The Poor Result Of A Good Habit

My Pa instilled in me something I'll never be able to repay him for. He taught me that if you want to get good at something, you need to put your reps in.

During my 19 years under his roof, the thing I wanted to get good at was basketball.

From the time I was old enough to play till the day I moved out to move into my dorm room, my Pa always had me on a schedule. Even in the summer time when school was out, he'd come in and wake me up to go practice on my skills.

My routine was automatic, thanks to his conditioning. I knew what was coming everyday. The approach earned me a basketball scholarship.

However, looking back there was also a residue left behind from doing life this way - a poor result of a good habit if you will.

I perpetually began to color inside the lines at all times. The formula seemed perfect. I followed the rules. I asked to go the bathroom. I didn't question the recipe.

I clung tight to normative behavior and thought, "If it has worked before, it'll always work in the future." I didn't push my thinking to the edge.

And then, one day, for whatever reason, I realized that I lacked any real distinction. I didn't have a desire to be rogue without purpose, but I felt as though I had jumped into a river to join fish I didn't want to swim with.

What was the backbone of my approach to everything - discipline - turned me into a robot. Adhering to plans, procedures and routines to the tee without leaving any room for fresh thinking. No adventure. No novelty. No thrilling challenge.

With this realization, my fire turned into a flickering flame. Nobody else could see it, but I knew it. It felt like an insidious growth slowly taking over my immune system - sucking the violent passion right out of me.

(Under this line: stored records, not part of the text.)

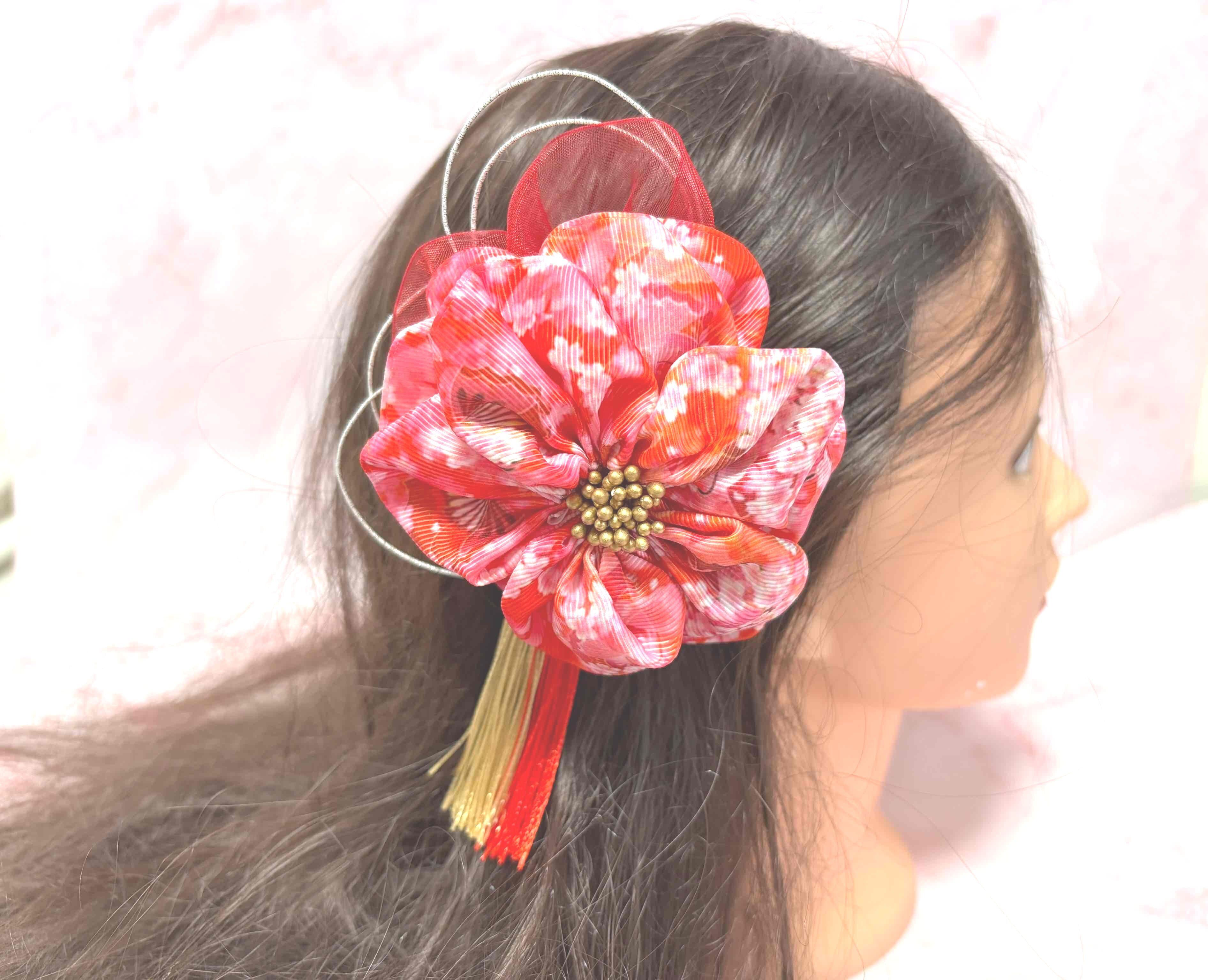 レシピなし【和柄の髪飾り(バレッタ) キット】ハワイアンリボンレイ
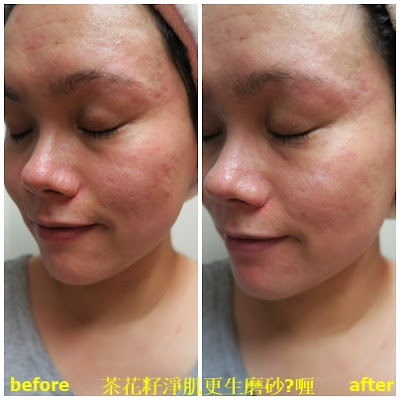 每次用的份量約這麼多,慢慢的按摩,用後不會感到很乾,皮膚的老廢角質都被帶走了,摸上去滑滑的。而且茶花籽油及薰衣草精華更可滋養肌膚,令肌膚回復健康。一星期可用兩至三次。
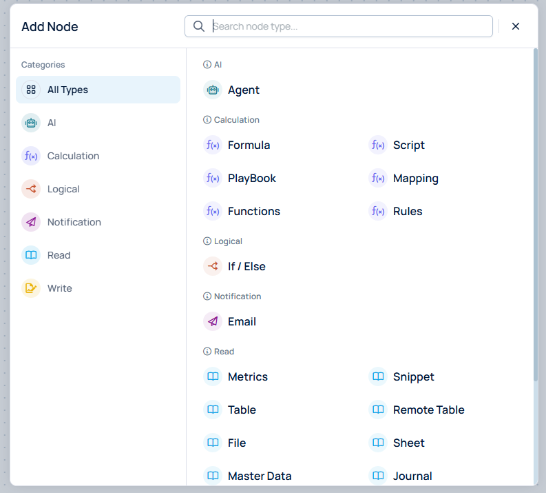 For detailed information on each node type, see Understanding Node Types and Categories.
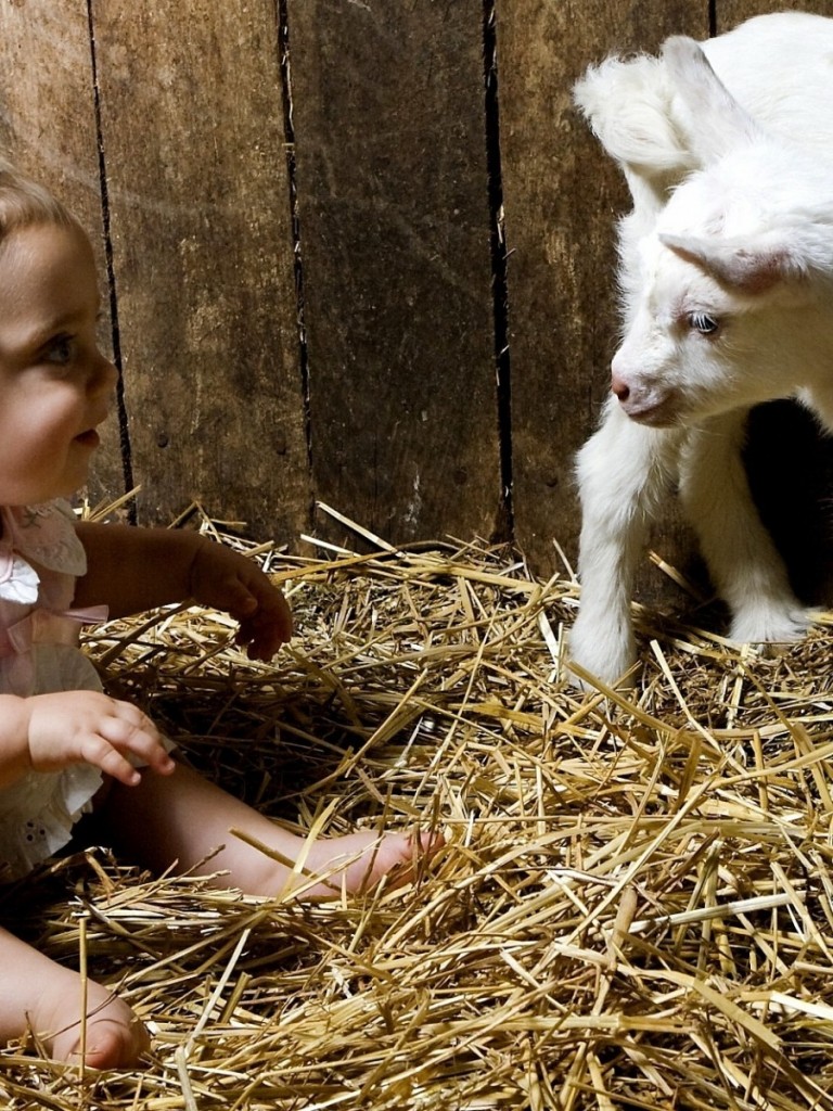 Маленькая девочка с козленком в хлеву - Non-retina iPad
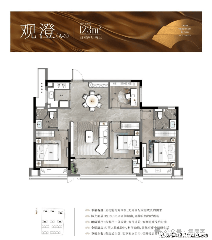 以中间套为例,建面约123㎡的户型做到了主次卧+客厅 四开间朝南,伸展开约13.3米的超大面宽,对应双开间阳台与飘窗的设计,进一步提升了全屋的采光。此外,一体化的餐客厅,“一镜到底”活动空间,在视觉上拉大了户型的朗阔尺度。
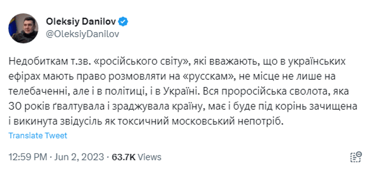 Секретар Ради національної безпеки та оборони України Олексій Данілов відреагував на дискусію. Він заявив, що "недобиткам так званого "російського миру", які вважають, що в українських ефірах можуть розмовляти російською, не місце на телебаченні, в політиці та в Україні".
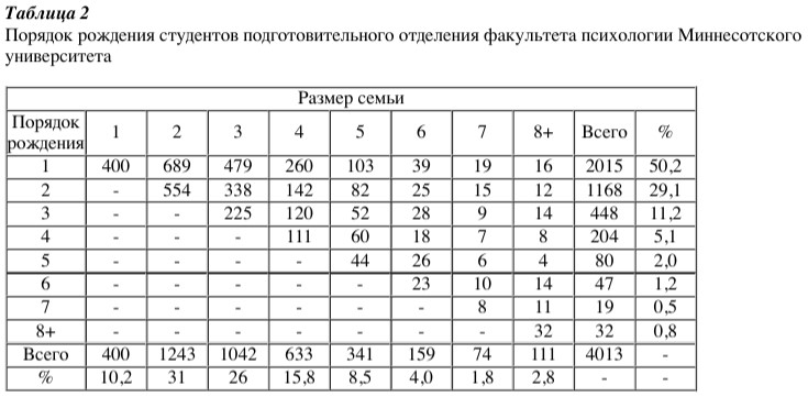 В одном из таких исследовании в 1959 и 1961 гг. были собраны данные о порядке рождения всех студентов подготовительного курса факультета психологии Университета в Миннесоте. Преобладающий возраст студентов — 19 лет. Данные представлены в таблице 2.

Think of a lion who has been caged for 10 years after being raised in the Serengeti. His rage is stripped from his soul - he gets feed on time every day, sleeps with no real outside threat, and never taps into his greatest strength of playing fearlessly in the wild.

As we age, we are more apt to cling to safety in the form of routine. It feels good - like a warm, cozy bed for our spirit. With this posture, it gets increasingly difficult to do things differently - to take more risks.

Not only do we forget that it's okay to color outside the lines, we often don't even think to do it. It's not even on our radar.

This posture of perennial conservatism has a knack to bleed into every corner of life.

And then, our existence becomes as dull as dish water.

I'm not shouting at you to become so open minded that your brain falls out.

Rather, I'm encouraging you to use boredom in a way that allows you to throw some elbows. The French novelist Gustave Flaubert said this:

Be regular and orderly in your life, so that you may be violent and original in your work. 

My upbringing taught me the importance of regularity and orderly behavior.

But I've learned that regularity and orderly behavior without violence or originality is like watching paint dry.

I'm learning how play fearlessly.

I'm getting better at breaking rules.

I'm fearful of a good, but somewhat uninteresting life.  And so, I'm unlearning how to be good in order to be violent.

Maybe it's time for you to do the same?